Our Mission
The presidency serves as a key institution for understanding democracy and power in the United States, and remains one of the primary ways Americans understand the health and direction of national politics. Yet too often, the public only encounters the presidency through biography and trivia, focused on the person who holds the office and the power they wield.
But the presidency is a far more expansive institution. The executive branch is empowered and constrained by Congress and the Supreme Court, as well the millions of workers tasked with executing a president’s agenda. Activists and ordinary people, some of whom may never step foot in Washington, D.C., lobby presidents in the hopes of creating lasting change—and at times, they succeed.

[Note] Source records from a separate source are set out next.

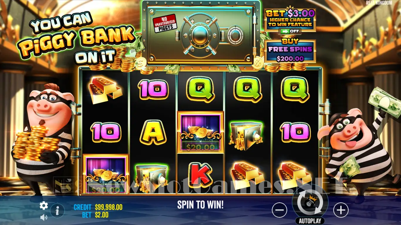 Pigs have long been associated with banks, mostly because of the piggy banks and their connection to money. For You Can Piggy Bank On It, Pragmatic Play decided to turn the pigs into bank robbers, which is not something that most slots from this category tend to do.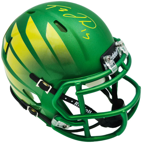Tez Johnson Autographed Oregon Ducks Green Speed Mini Helmet JSA Witness Stock #256798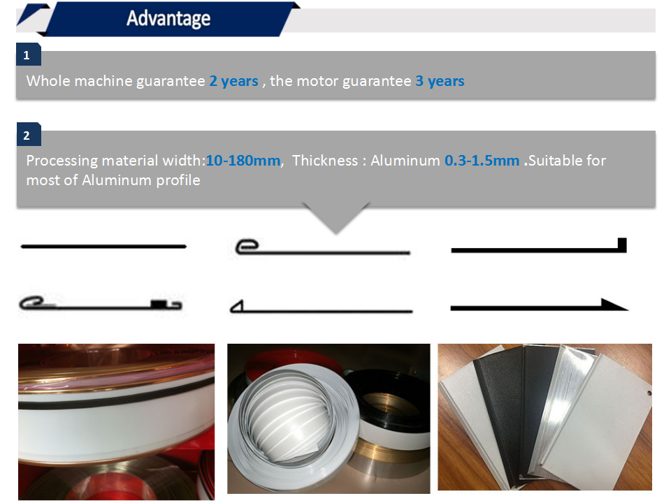 整機(jī)特點(diǎn)1、整機(jī)質(zhì)保兩年,電機(jī)三年。(不包括皮帶,不銹鋼切割刀頭,感應(yīng)開(kāi)關(guān)和繼電器)2、加工材料高度10-160mm , 鋁板厚度0.3-1.5mm3、機(jī)器內(nèi)部的加工件和板材全部鍍硬鉻...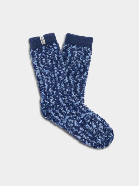 These dreamy, super-soft socks are perfect for lounging around the house all year. This product was made in a factory that supports women in our supply chain with the help of HERproject. This collaborative initiative creates partnerships with brands like ours to empower and educate women in the workplace. Crew sock with multicolor chenille yarn. Polyester blend - 99% recycled polyester/1% elastane. 9 1/2 inch height. Soft twill tape with The UGG® Logo on top cuff. Packaged with hanger and belly band. Fits shoe size: 5-10. Imported. UGG® Women's Cozy Chenille Sock Recycled Materials/Polyester Blend in Seashell Pink

The Rogers Center brings this wider view of the presidency—one that includes those outside the White House as well as those within—to bear on presidential scholarship. We are building a diverse community of presidential scholars who are reviving the field of presidential studies, while engaging the public in new ways of thinking about the presidency.
Our History
The Carolyn T. and Robert M. Rogers Center for the American Presidency was established in 2021 with a generous gift from alumni Carolyn Thomas Rogers BA’75 and Robert Moss Rogers BA’75. The gift established the center to be a place of innovative scholarship and public outreach on the presidency. Carolyn and Robert Rogers have shaped the field of presidential studies at Vanderbilt, establishing the Carolyn T. and Robert M. Rogers Chair in American Presidency, currently held by Pulitzer Prize-winning historian Jon Meacham, in 2018.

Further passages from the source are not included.